Many Iraqis choose denial to
cope with the seething times around them. A Shiite will tell you he is
married to a Sunni, or a Sunni to a Shiite. They will tell you their
families are an intermingling of Iraq's classes and religions and that
they have lived in harmony for generations. But every day new families
line up outside morgues and new markers are added to graveyards. They
blame it on terrorists and outside forces, who, they say, manipulate
their lives much as Hussein did.
"It's a policy of divide and
conquer being applied by our occupiers," said Abu Izz, a Baghdad
antiques dealer who was born in Fallouja. A civil war will not succeed
because Iraqis are all brothers and relatives, he added.
"You
may not believe this, but some of my relatives are promujahedin
[Sunnis], and others are members of the Badr Brigade [Shiites] and
others are clergy. This is how we are interrelated."

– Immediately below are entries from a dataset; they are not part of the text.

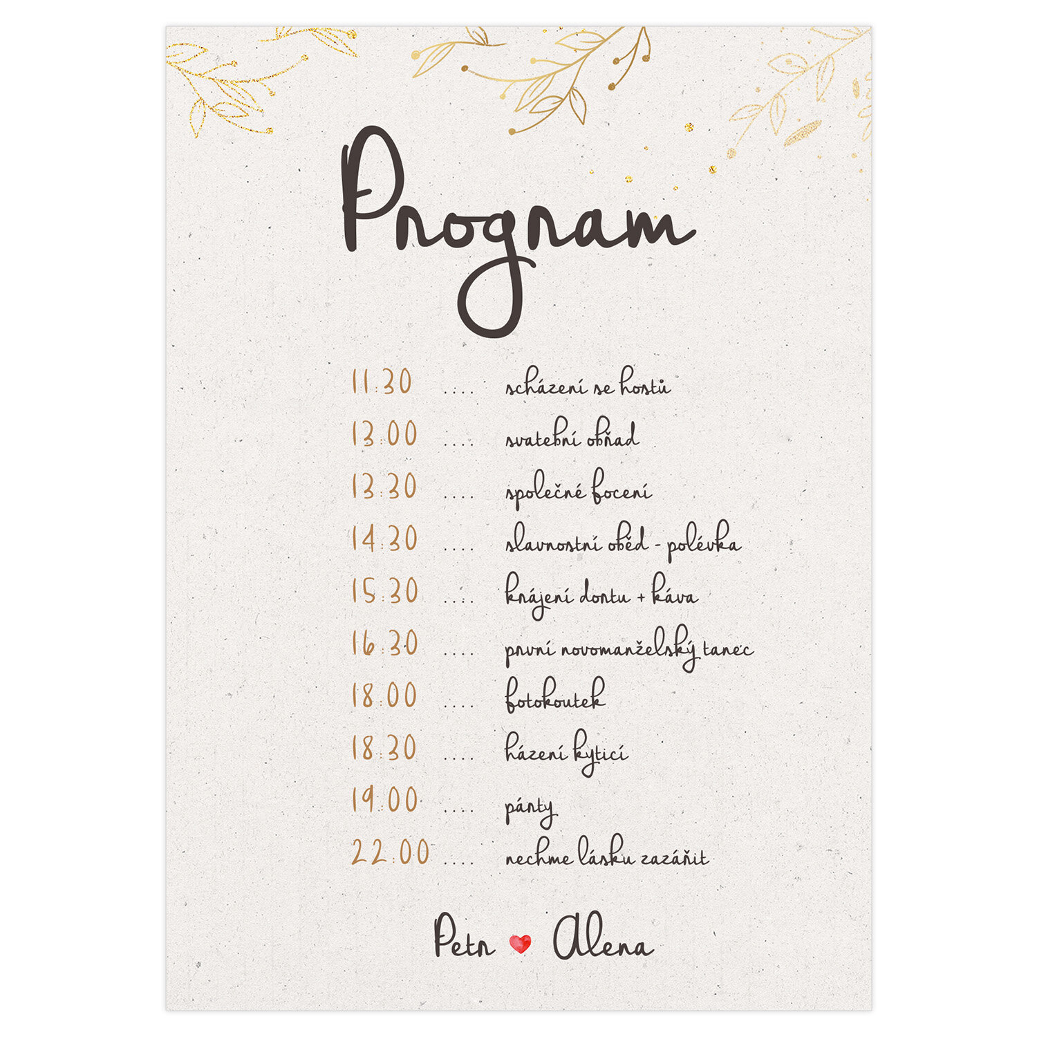 Svatební program dne 330 ve stejném stylu jako vaše svatební pozvánka a další svatební tiskoviny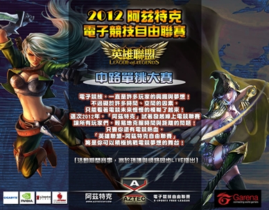 繼續閱讀台北,台灣 – 2012年2月21日 -國內首屈一指的電子競技平台──「阿茲特克聯盟」日前宣布舉辦《英雄聯盟》自由聯賽,由國內玩家自由報名,競賽畫面將於 2 月 21 日起每週二~五晚間 8 點進行線上直播,第一場賽事將於 20...
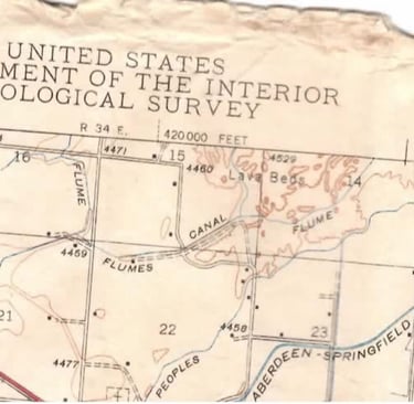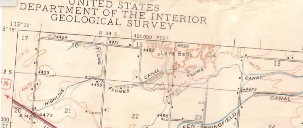 Above is a 1943 USGS map which shows the location of part of the West Side Canal flumes through the lavas northwest of Moreland. Compare to the recent map below for comparison.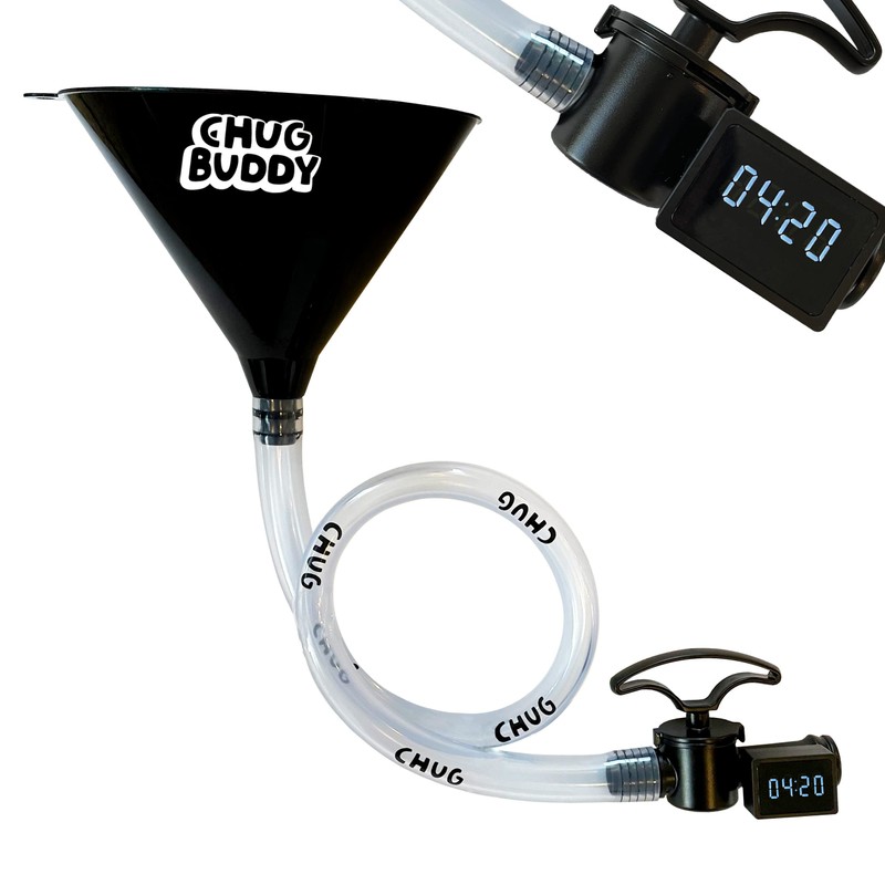 - THE HIT OF EVERY PARTY: Challenge your buddies to a chugging contest with the Chug Buddy beer bong with a built-in digital TIMER! Who is the speed champ?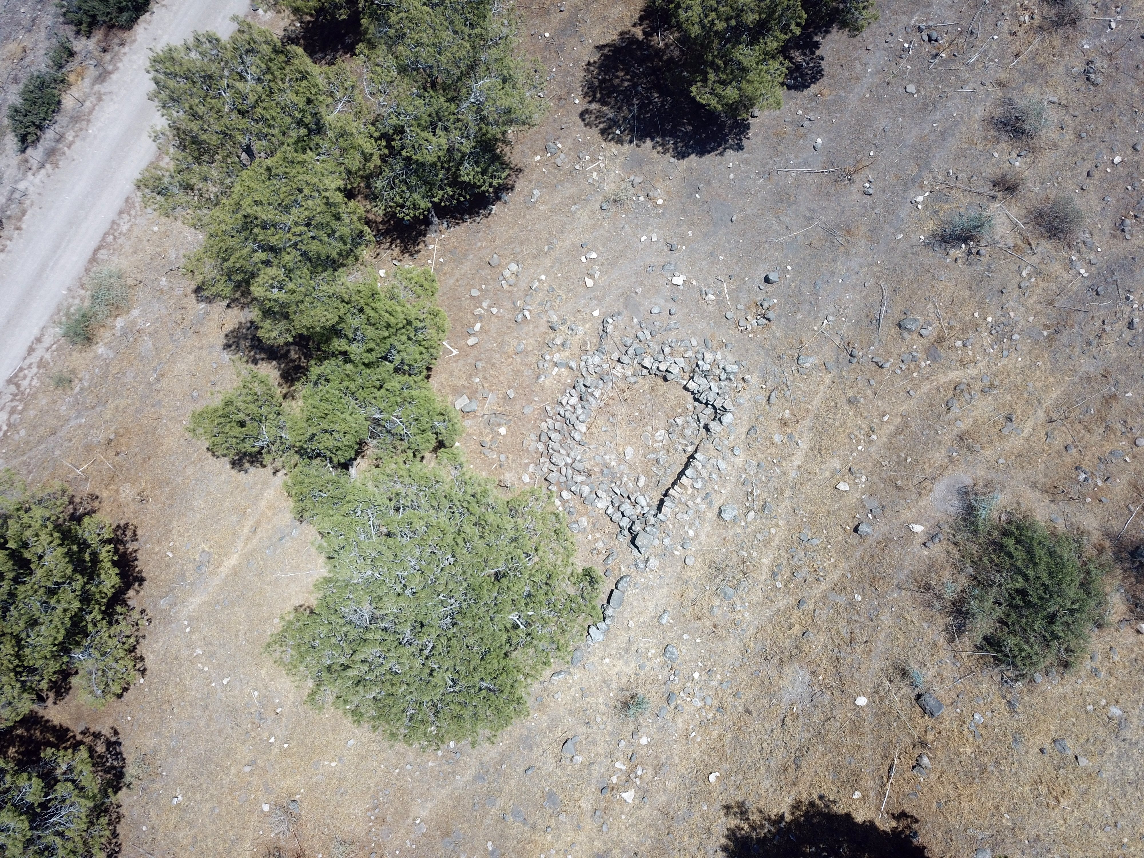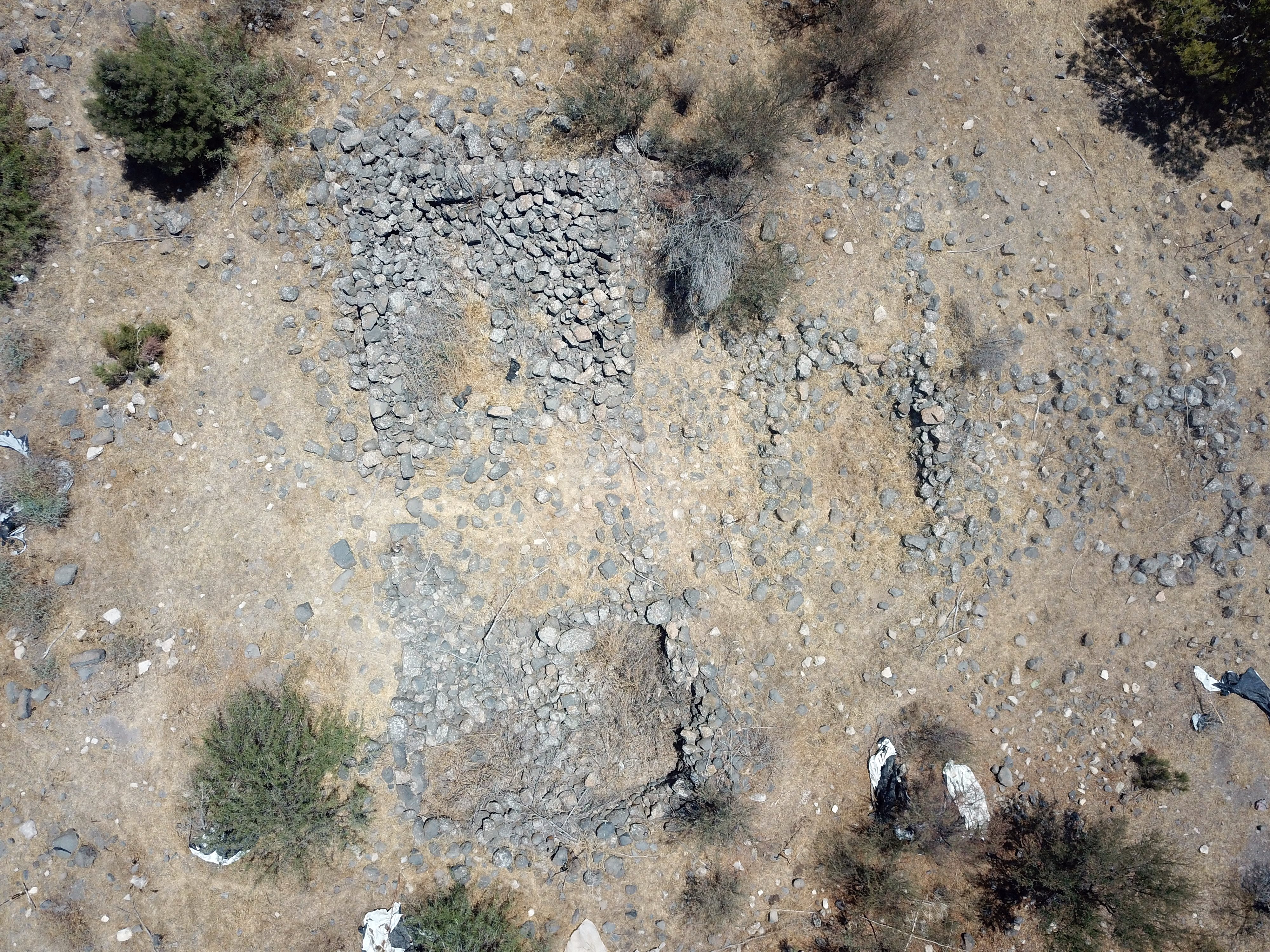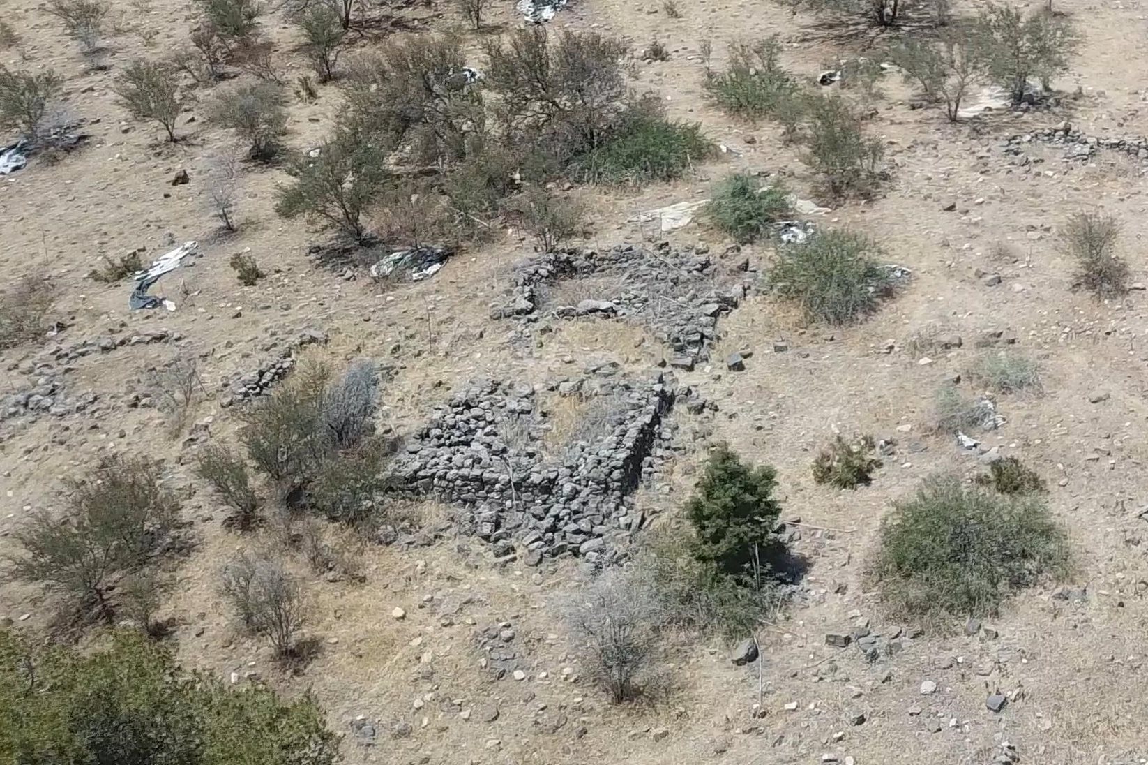 In the center of the site, on the summit of the hill, are several of the ruined structures. The structures are small, just a few meters in length, and made of rough basalt stones.

"Iraq is one nation, one land and one heart," said Sinaa Ali Musa, a
state worker from Samawah.
But Musa, a Shiite, conceded there were divisions. "I think the Shiites
are being subjected to all kinds of terrorism because the Sunnis are
losing power."
Others consider Sunnis the victims. "There has
been a flagrant violation of Sunni rights," said Saad Abdul Aziz Siqar,
a Sunni from Basra. "This is affecting relationships between the two
sects and could lead to war…. The Shiites have power and authority over
us and are treating us like a minority."
Navigating such chaos psychologically, and even on rural roads and city
streets, has trapped many Iraqis.
"It's the same problem everyday — traffic, traffic, roads are closed
and in addition to that, we have national guards aiming their weapons
toward us," said Tanya Mazin, a student at Baghdad University.
"We are living in stress and fear. I do not think this will end one day
because it's going from bad to worse."
Times
staff writers Suhail Ahmad, Saif Rasheed and Zainab Hussein in Baghdad,
special correspondents Othman Ghanim in Basra and Hassan Halawa in
Samawah and a correspondent in Mosul contributed to this report.